UNIVERSITY PARK, Pa. – An idea formulated by a group of students from the College of Information Sciences and Technology won first place in two challenges at the 2018 HackPSU competition, held Oct. 6-7 on the University Park campus.
The competition, a 24-hour social coding hackathon, brought 85 teams of Penn State students together to conceptualize, develop and present a product.
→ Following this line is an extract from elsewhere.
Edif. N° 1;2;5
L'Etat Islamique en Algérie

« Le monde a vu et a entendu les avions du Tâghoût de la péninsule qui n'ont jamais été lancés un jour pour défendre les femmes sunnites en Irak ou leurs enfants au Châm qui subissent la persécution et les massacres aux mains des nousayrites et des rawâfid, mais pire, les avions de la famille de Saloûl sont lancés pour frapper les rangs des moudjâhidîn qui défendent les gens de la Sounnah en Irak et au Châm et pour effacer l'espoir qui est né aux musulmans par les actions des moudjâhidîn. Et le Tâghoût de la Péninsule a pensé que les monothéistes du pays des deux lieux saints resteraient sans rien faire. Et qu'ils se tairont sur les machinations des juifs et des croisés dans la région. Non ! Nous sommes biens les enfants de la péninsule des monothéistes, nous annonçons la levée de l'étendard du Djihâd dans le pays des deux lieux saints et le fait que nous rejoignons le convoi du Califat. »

Teams competed for various prizes through a number of challenges that focused on using different types of software or solving real-world company problems.
College of IST seniors Nitya Govind (IST), Austin Gongora (data sciences), and Mukesh Kandamaran (IST), and juniors Marshall Malino (data sciences) and Rommel Silva (IST) won first place in Google’s challenge for the best use of a Google Cloud platform and in the Nittany AI Alliance’s AI challenge, which encourages teams to develop an AI-based solution to a real-world problem at Penn State.
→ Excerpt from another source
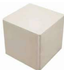
Pouf / Footstool dim. 50x50xH50cm
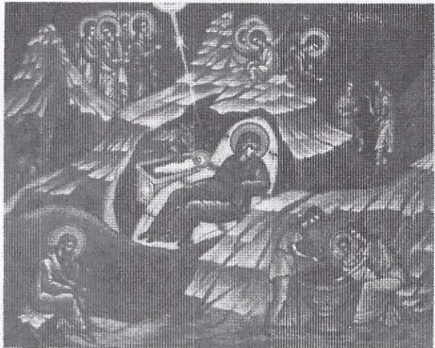
«Ότι έτέχθη έμιν σήμερα σωτήρ».

συμφώνησαν οι σύεδροι: να προωθήσει ή έκλεγείσα έκτελεστική επιτροπή, ή όποια και θα ένγμερώσει: υπεύθυνα σε συνεργασία με τη συνητοπιστική επιτροπή του συνεδρίου τις Έκκλησίες Ελλάδας, Κύπρου, Κρήτης και το Οικουμενικό Πατριαρχείο, και θα ζητήσει: να εύλογήσουν την έλη προσπάθεια έπ' αγαθού της Έκκλησίας, όπως σημειωνόταν στο δελτίο τύπου που κυκλοφόρησε αναφορικά με την πρόοδο των έργασιών του Συνεδρίου.

The group’s product, AIODA, which stands for Artificial Intelligence on Demand Advising, features a chat bot that automatically answers students’ frequently asked questions for advisers.
“We’ve all had trouble scheduling advising appointments,” said Govind. “But this isn’t just from the students’ point of view.”
She explained that while students complain that it’s sometimes hard to meet with advisers, advisers also want to focus on solving bigger problems and not be inundated with minor questions.
“That’s how we got the idea to improve advising to create an on-demand chat bot,” Govind continued, “so that advisers can focus on higher-level issues and on what they’re actually here for, which is helping students. Other questions, like how many credits a student has left to graduate, can be easily automated.”
The team members said that while this was their first time participating in HackPSU, they have worked together before. They are currently in the process of launching a club at Penn State that focuses on emerging technologies. They said that the level of teamwork they’ve established, combined with the foundation of soft skills they’ve built in the College of IST, helped them in the HackPSU competition.
“We were able to gel together as a group because we had prior experience working in groups and understanding what went wrong,” said Govind. “And having that logical structure of how to start our presentation and how to end it perfectly were all things we learned in IST.”